The total displacement formed from the acceleration signal since the acceleration signal exceeded the predetermined starting value and the number of times the jerk of the acceleration signal exceeded the threshold value from when the acceleration signal exceeded the predetermined starting value was added. The impact severity identification device according to claim 1, wherein the impact severity is continuously identified based on the number. 4. An impact severity identification circuit comprising: a time period from when the acceleration signal exceeds a start value to a time when the jerk of the acceleration signal exceeds a threshold until an identification signal is generated and output; 2. The impact severity identification device according to claim 1, wherein the impact severity is identified by a displacement formed from the acceleration signal. 5. When the impact severity identification circuit identifies that the impact is a severe impact due to the displacement of the acceleration signal during a predetermined period, the impact severity identification circuit identifies the impact at the output port.

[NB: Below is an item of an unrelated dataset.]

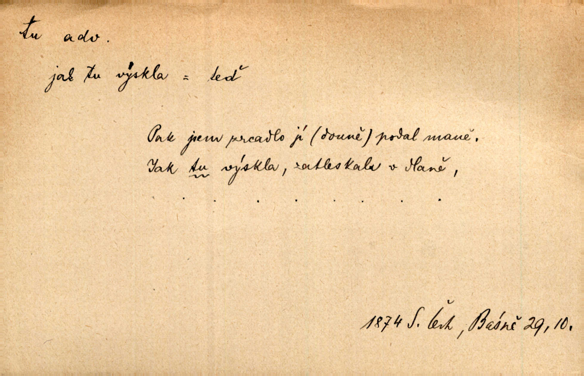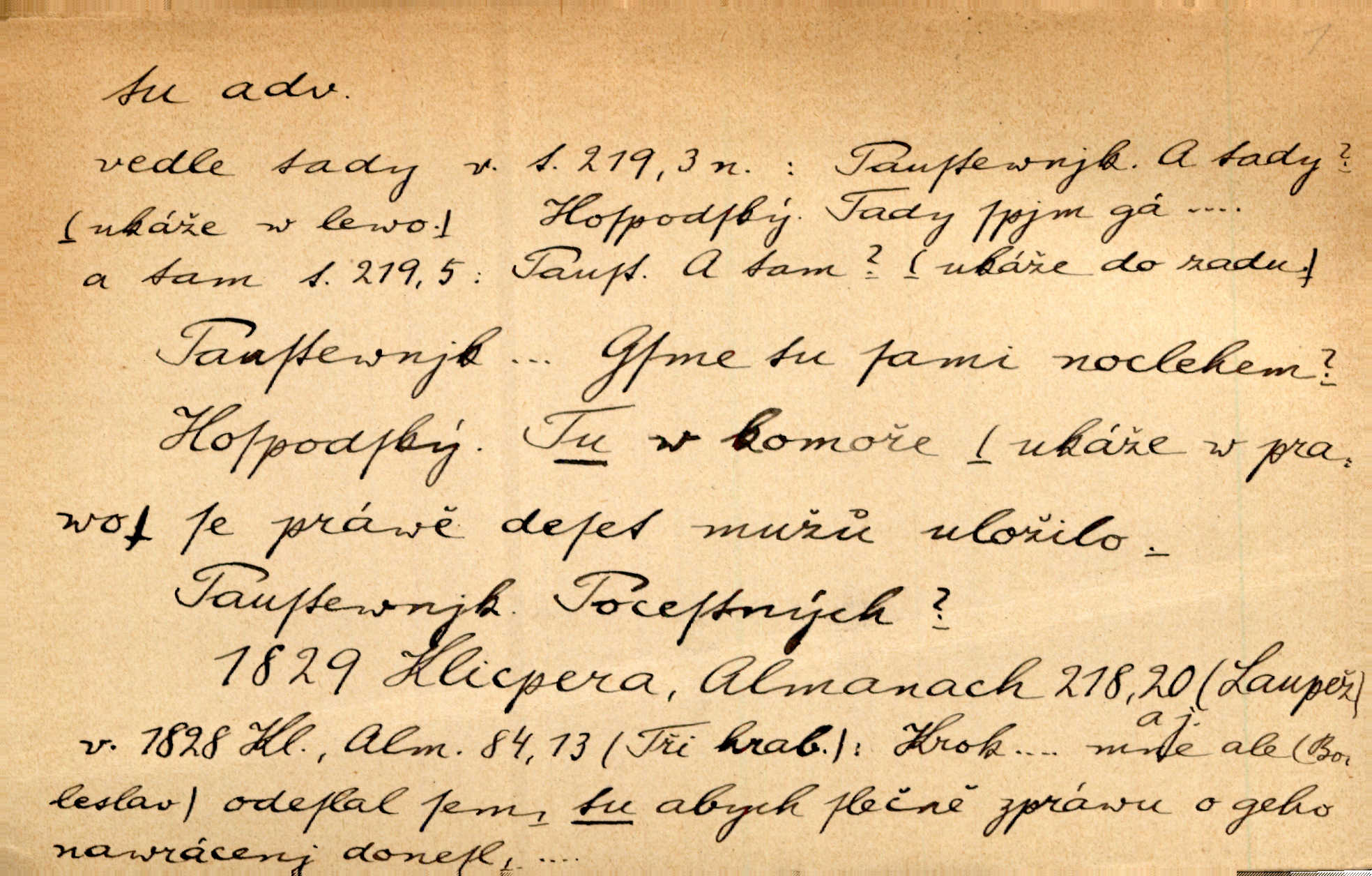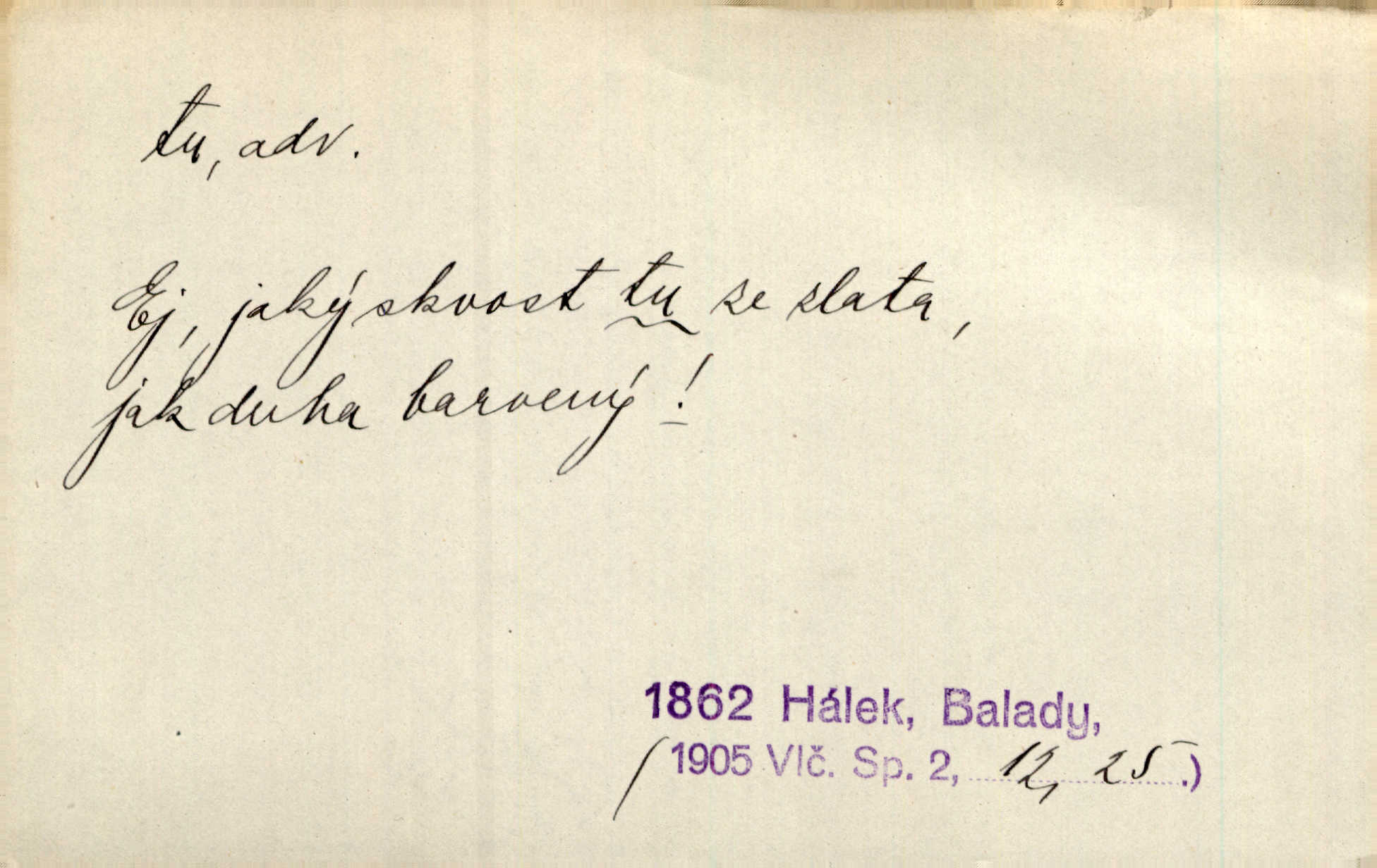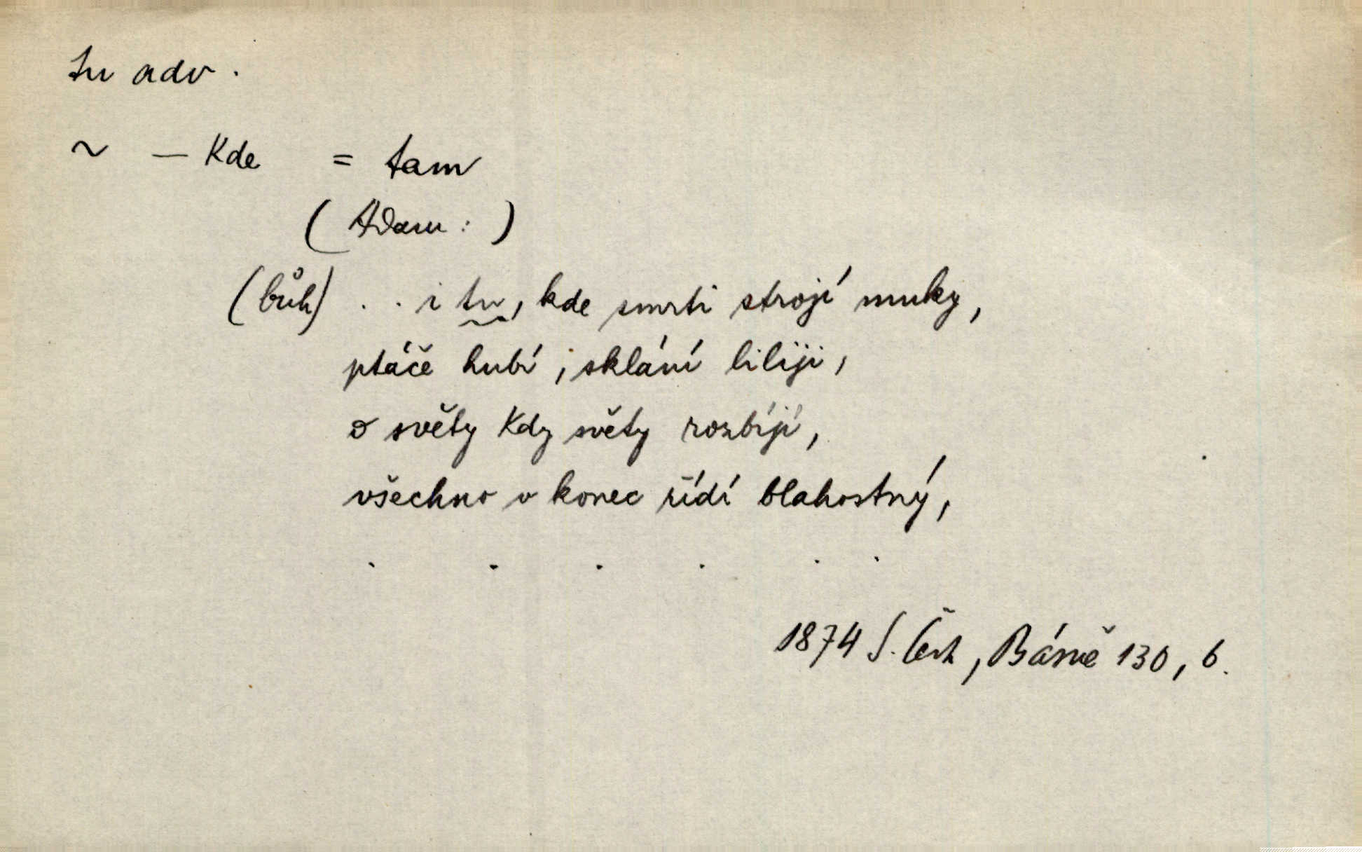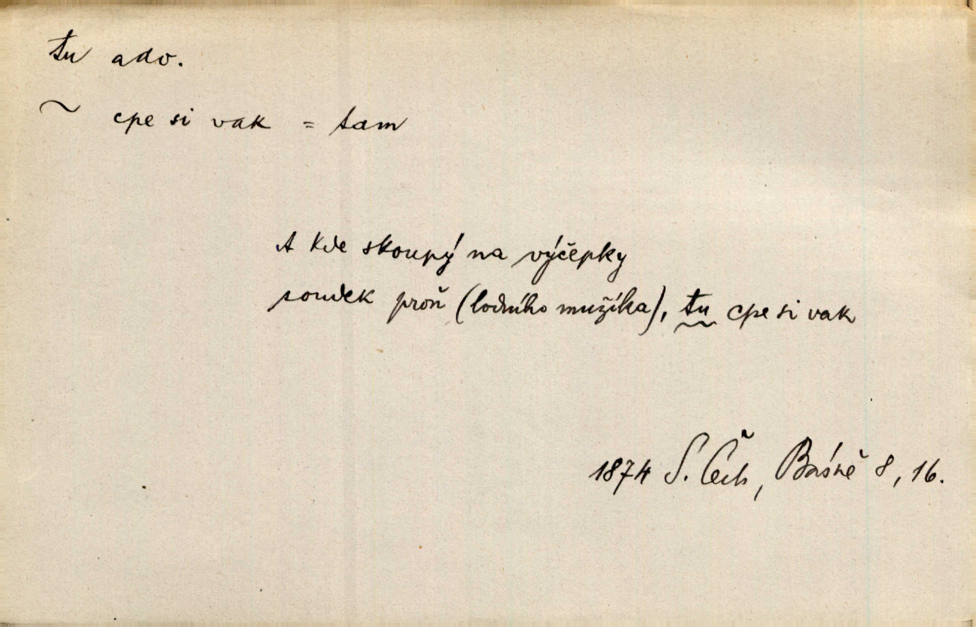- tu adv. vyjadřující určité místo, na něž se zprav. ukazuje n. odkazuje; zde, na tomto místě. Stará šla a za chvíli tu byla s večeří. Herrm. Tu dole stojí kmotr Nuccio. Zey. Čejč také tím bohatl, že tu vedla silnice z Uher k Brnu. Herb. Je bez místa, a je tu rodina má rodinu. Jir. „Tu je má ruka, Zázvore.“ odvětil Brok, tiskna mu pravici. Štol. „Tu máte, poslíčku — za cestu —“ a podávala mu celý desetník. Baar. „Už je dávno na věčnosti a já jsem ještě tu,“ vzdychla stařenka na tomto světě, na zemi. Něm. Sáhl do torby, aby vytáhl Palečka i peníze, ale nastojte, — torba jako sklo — kde nic, tu nic! Něm. Proč pak si bral takovou ženskou kde nic tu nic? úplně chudou, bez prostředků. Rais. Kde se vzal, tu se vzal, stojí náhle před Cimburou voják. Baar. Tu a tam bylo vidět u silnice osyku. Jir. Pracoval tu i tam za chasníka. Šmil. Nikde nebylo viděti človíčka, jen tu tam poskakoval vrabec. Herrm. Leda že se ohlédl po stádu krav a koz, nebo po ovcích v houfu, tu větším, tam menším. Jir. Pole ta bez stromů, většinou rovná a jen tu onde stoupající mírnou vlnou, tratila se na obzoru. Jir. D Expr. v některých spojeních (tu máš! a j.) vyjadřuje podiv, překvapení. Myslel jsem, že budeš jako plnoletý moudřejší, ale tu máš čerte kropáč, bylo to čím dál tím horší. Čap. Ch. Přiběhlo na roh ulice a — tu máš! Stál tam pan strážník. Mateříd. Myslil si, že bude mít děvče radost, zatím tu máš! Zastihne nevěstu v objetí vlastního bratra. Svět. D Dial. na toto místo, v tato místa, sem. Oni prajeli — že stě hevaj. — Ja sem tu šel. Nor. D vyjadřuje čas: v té chvíli, v tom okamžiku, tehdy, „Bratr je ženat, a víte také, že švakrová —“ tu ustala a pohlédla na mne tázavě. Šim. Okamžik nechtělo se jaksi nikomu dovnitř. Tu se sebral Vácslav a vkročil mužně. Ner. Leda když viděl přicházeti vrchního, tu ovšem skočil na nohy. Herb. Tu se na Josefa i všelijaká nectnost ukázala. Mistr doslýchal, že se tu a tam opil někdy. Prav. Domácnost i polní hospodářství spravovala Evička s čeládkou, on jen tu a tam svou vůli projevil občas. Svět. Musí děvče kolikrát za den běžet tu na pole, tu na trávu. Něm. Tu zpozoruje, že mi schází knoflík na zimníku, tu že mám odtržené poutko. Šim. Šla pal po mně, obracel mne tu tváří k zemi, tu na znak, klekal mi tu prsa, tu na záda. Čech. Expr. Než to po těch harantech všecko uklidím a srovnám, máte tu konec července. Šim. Když blížila se volba do obecního výboru, jakého tu bylo běhání. Šmil.

The impact severity identification device according to claim 1, which outputs a signal. 6. A memory for storing a plurality of fuzzy rules; and a fuzzy control unit electrically connected to the acceleration detector through an analog / digital converter for converting an acceleration signal into an identification signal according to the plurality of fuzzy rules. The impact severity identification device according to claim 1, comprising: 7. The acceleration signal generated by the acceleration detector causes the fuzzy control unit to generate a first displacement fuzzy input variable representing a displacement formed from the acceleration signal during a predetermined period, and to cause the acceleration signal to exceed a starting value. A second displacement fuzzy input variable representing the total displacement since the start, a time interval fuzzy input variable representing a period from the time when the acceleration signal exceeds the starting value to the time when the jerk of the acceleration signal exceeds the threshold value,
After the acceleration signal exceeds the starting value, an accumulative number of fuzzy input variables representing the number of times the jerk of the acceleration signal exceeds the threshold is generated, and the fuzzy control unit generates a first displacement fuzzy input variable and a second And the displacement fuzzy input variable of
A time interval fuzzy input variable and an accumulated number of fuzzy input variables are converted into an impact severity fuzzy output variable by a plurality of fuzzy rules, and the fuzzy control unit converts the impact severity fuzzy output variable into an identification signal. 6
The impact severity identification device as described.